## BRIEF
Exactly as written, please set down all of the entries again, with no pictures.

## RAW DATA
● ● ● ● ● ● ●

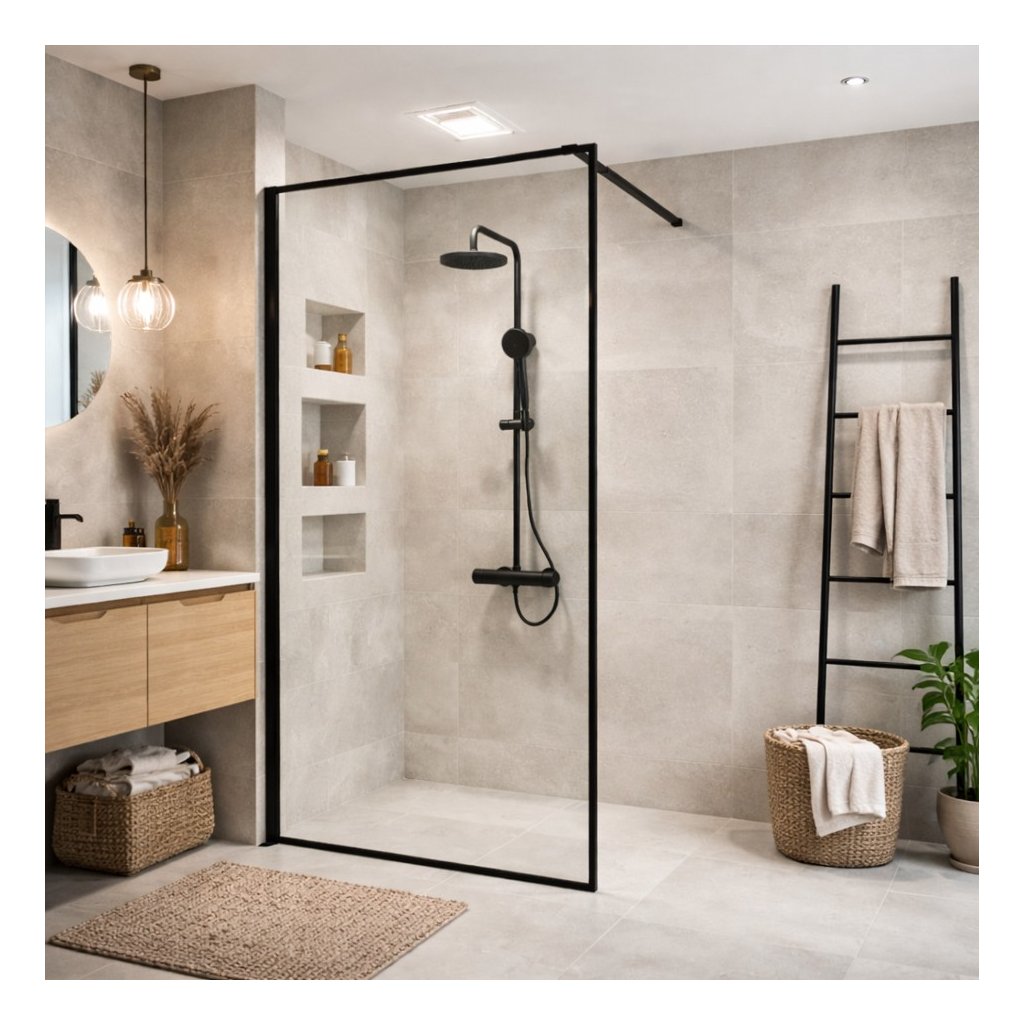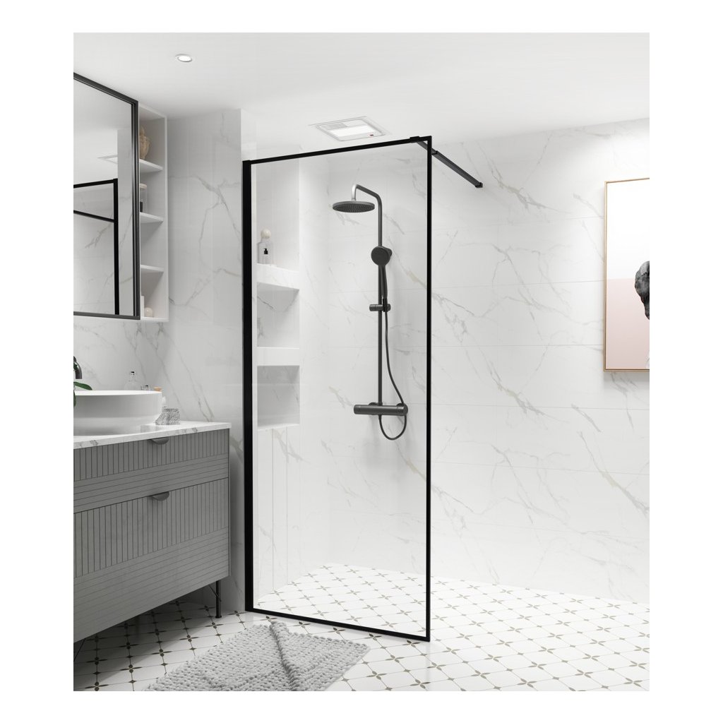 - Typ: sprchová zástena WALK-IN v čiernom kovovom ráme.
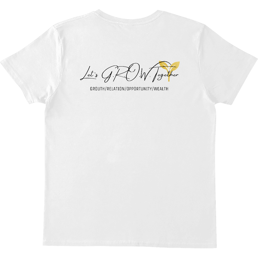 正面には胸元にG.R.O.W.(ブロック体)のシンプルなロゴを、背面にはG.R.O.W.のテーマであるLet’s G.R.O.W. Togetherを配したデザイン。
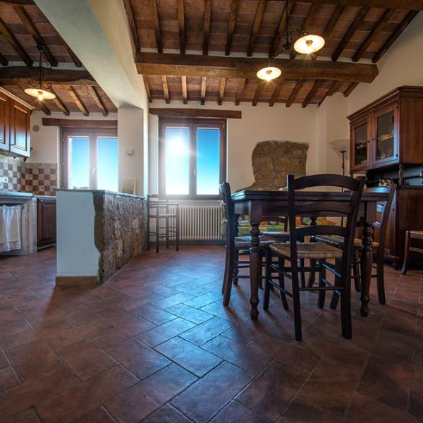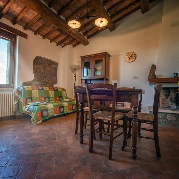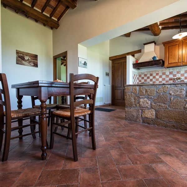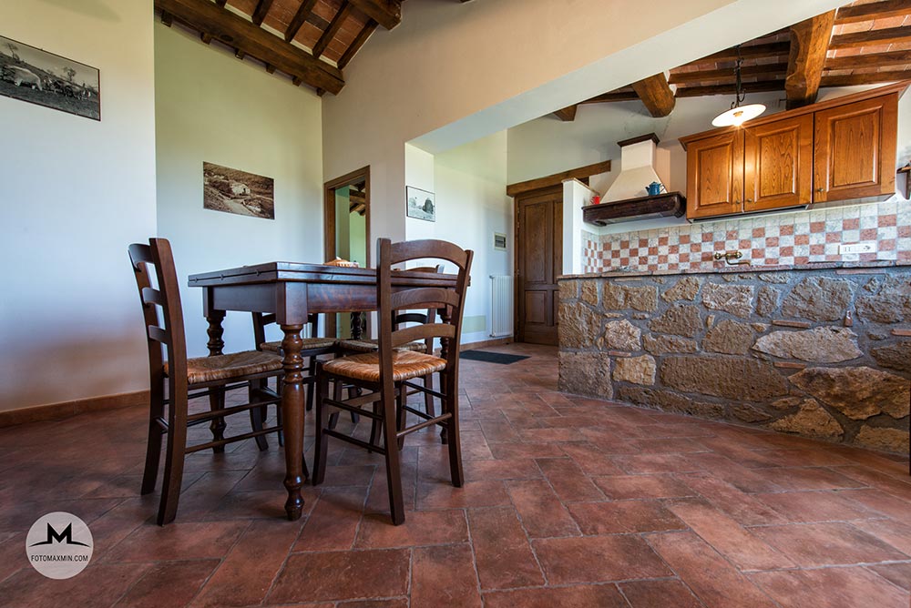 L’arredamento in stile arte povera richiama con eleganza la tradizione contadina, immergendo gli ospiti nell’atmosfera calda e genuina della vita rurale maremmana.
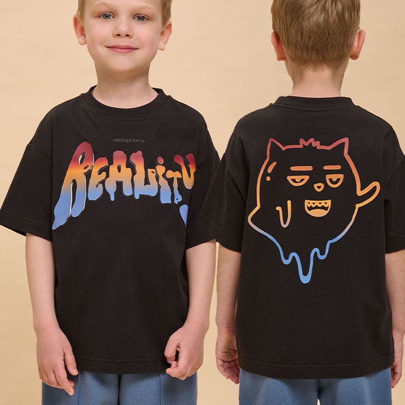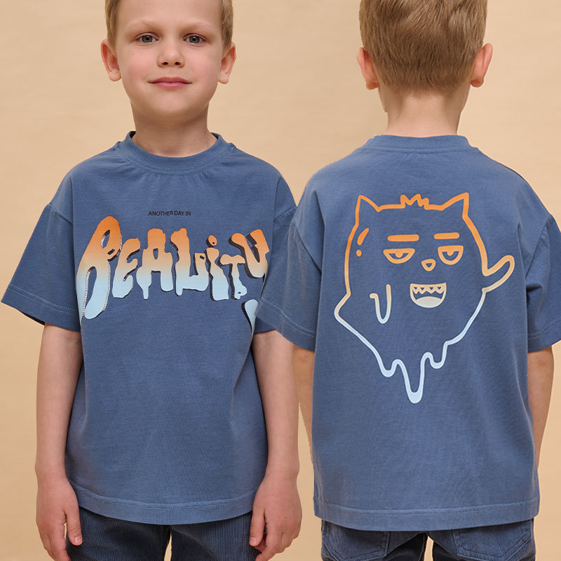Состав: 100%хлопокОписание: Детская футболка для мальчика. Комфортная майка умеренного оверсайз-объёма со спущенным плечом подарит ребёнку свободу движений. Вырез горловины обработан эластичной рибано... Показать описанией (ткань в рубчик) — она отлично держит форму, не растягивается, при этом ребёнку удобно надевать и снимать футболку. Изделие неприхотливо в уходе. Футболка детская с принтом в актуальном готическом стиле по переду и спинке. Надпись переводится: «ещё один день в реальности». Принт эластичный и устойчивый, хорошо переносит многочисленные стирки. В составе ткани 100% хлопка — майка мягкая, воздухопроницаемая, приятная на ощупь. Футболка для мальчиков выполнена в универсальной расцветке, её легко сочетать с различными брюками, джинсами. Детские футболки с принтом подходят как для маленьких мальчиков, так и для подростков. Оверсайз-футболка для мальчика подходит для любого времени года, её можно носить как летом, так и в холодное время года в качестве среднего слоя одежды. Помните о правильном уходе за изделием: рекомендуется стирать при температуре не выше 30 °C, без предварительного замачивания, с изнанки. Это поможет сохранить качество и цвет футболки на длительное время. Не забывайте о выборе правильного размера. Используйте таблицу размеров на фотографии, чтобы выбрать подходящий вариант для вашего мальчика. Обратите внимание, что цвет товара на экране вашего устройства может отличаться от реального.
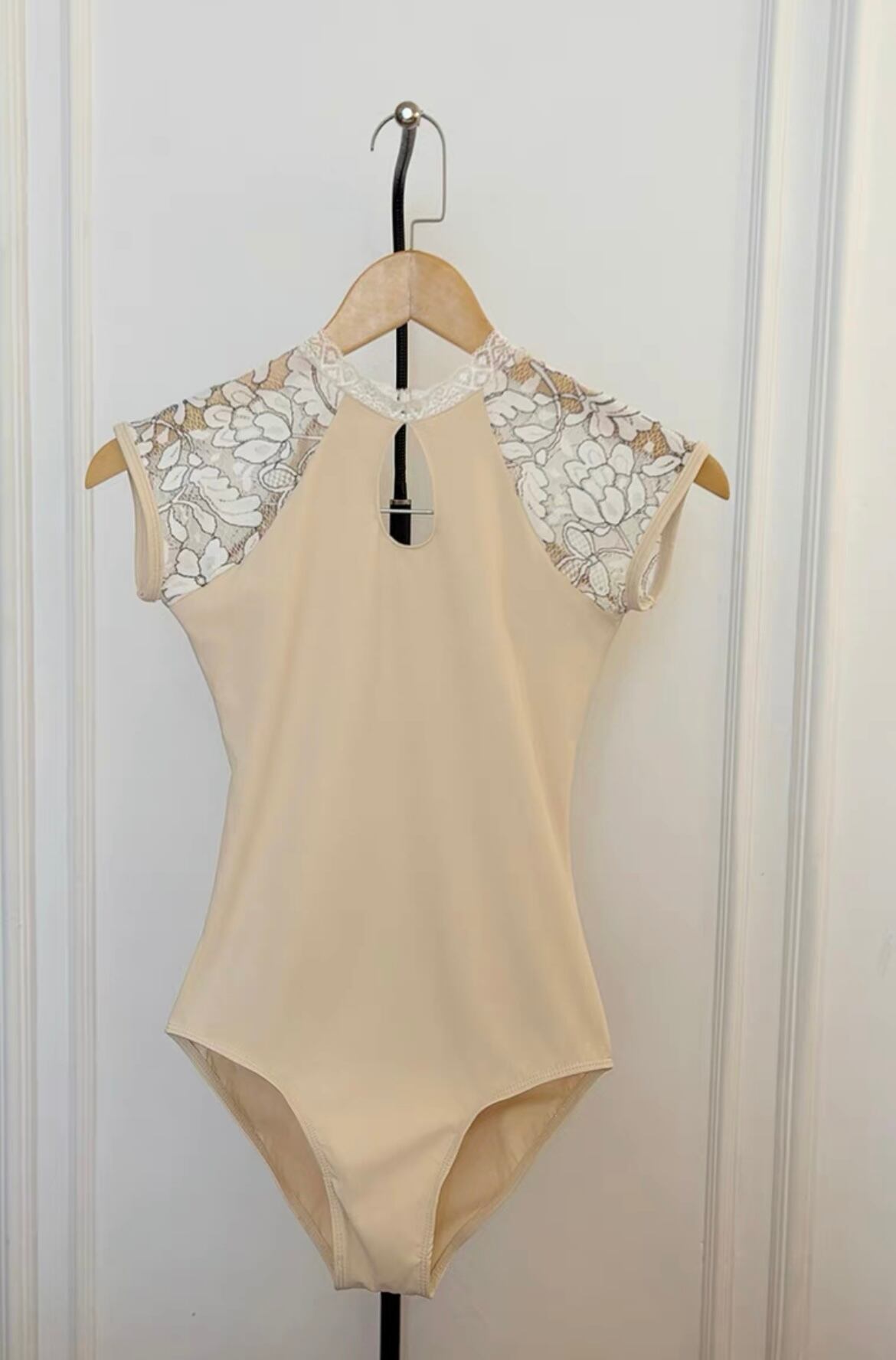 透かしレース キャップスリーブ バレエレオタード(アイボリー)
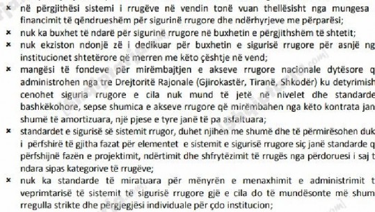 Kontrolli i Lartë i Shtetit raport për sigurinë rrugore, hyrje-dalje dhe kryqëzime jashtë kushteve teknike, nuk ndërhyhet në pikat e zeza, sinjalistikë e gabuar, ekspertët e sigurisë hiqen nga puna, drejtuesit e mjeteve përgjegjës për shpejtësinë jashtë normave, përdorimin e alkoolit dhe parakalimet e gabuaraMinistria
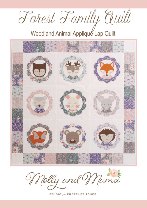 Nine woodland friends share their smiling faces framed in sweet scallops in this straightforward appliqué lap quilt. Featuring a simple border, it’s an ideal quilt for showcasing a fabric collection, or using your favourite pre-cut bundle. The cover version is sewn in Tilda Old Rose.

● ● ● ● ● ● ●

## EXERCISE ANSWER
 - Typ: sprchová zástena WALK-IN v čiernom kovovom ráme.
 正面には胸元にG.R.O.W.(ブロック体)のシンプルなロゴを、背面にはG.R.O.W.のテーマであるLet’s G.R.O.W. Togetherを配したデザイン。
 L’arredamento in stile arte povera richiama con eleganza la tradizione contadina, immergendo gli ospiti nell’atmosfera calda e genuina della vita rurale maremmana.
Состав: 100%хлопокОписание: Детская футболка для мальчика. Комфортная майка умеренного оверсайз-объёма со спущенным плечом подарит ребёнку свободу движений. Вырез горловины обработан эластичной рибано... Показать описанией (ткань в рубчик) — она отлично держит форму, не растягивается, при этом ребёнку удобно надевать и снимать футболку. Изделие неприхотливо в уходе. Футболка детская с принтом в актуальном готическом стиле по переду и спинке. Надпись переводится: «ещё один день в реальности». Принт эластичный и устойчивый, хорошо переносит многочисленные стирки. В составе ткани 100% хлопка — майка мягкая, воздухопроницаемая, приятная на ощупь. Футболка для мальчиков выполнена в универсальной расцветке, её легко сочетать с различными брюками, джинсами. Детские футболки с принтом подходят как для маленьких мальчиков, так и для подростков. Оверсайз-футболка для мальчика подходит для любого времени года, её можно носить как летом, так и в холодное время года в качестве среднего слоя одежды. Помните о правильном уходе за изделием: рекомендуется стирать при температуре не выше 30 °C, без предварительного замачивания, с изнанки. Это поможет сохранить качество и цвет футболки на длительное время. Не забывайте о выборе правильного размера. Используйте таблицу размеров на фотографии, чтобы выбрать подходящий вариант для вашего мальчика. Обратите внимание, что цвет товара на экране вашего устройства может отличаться от реального.
 透かしレース キャップスリーブ バレエレオタード(アイボリー)
 Kontrolli i Lartë i Shtetit raport për sigurinë rrugore, hyrje-dalje dhe kryqëzime jashtë kushteve teknike, nuk ndërhyhet në pikat e zeza, sinjalistikë e gabuar, ekspertët e sigurisë hiqen nga puna, drejtuesit e mjeteve përgjegjës për shpejtësinë jashtë normave, përdorimin e alkoolit dhe parakalimet e gabuaraMinistria
 Nine woodland friends share their smiling faces framed in sweet scallops in this straightforward appliqué lap quilt. Featuring a simple border, it’s an ideal quilt for showcasing a fabric collection, or using your favourite pre-cut bundle. The cover version is sewn in Tilda Old Rose.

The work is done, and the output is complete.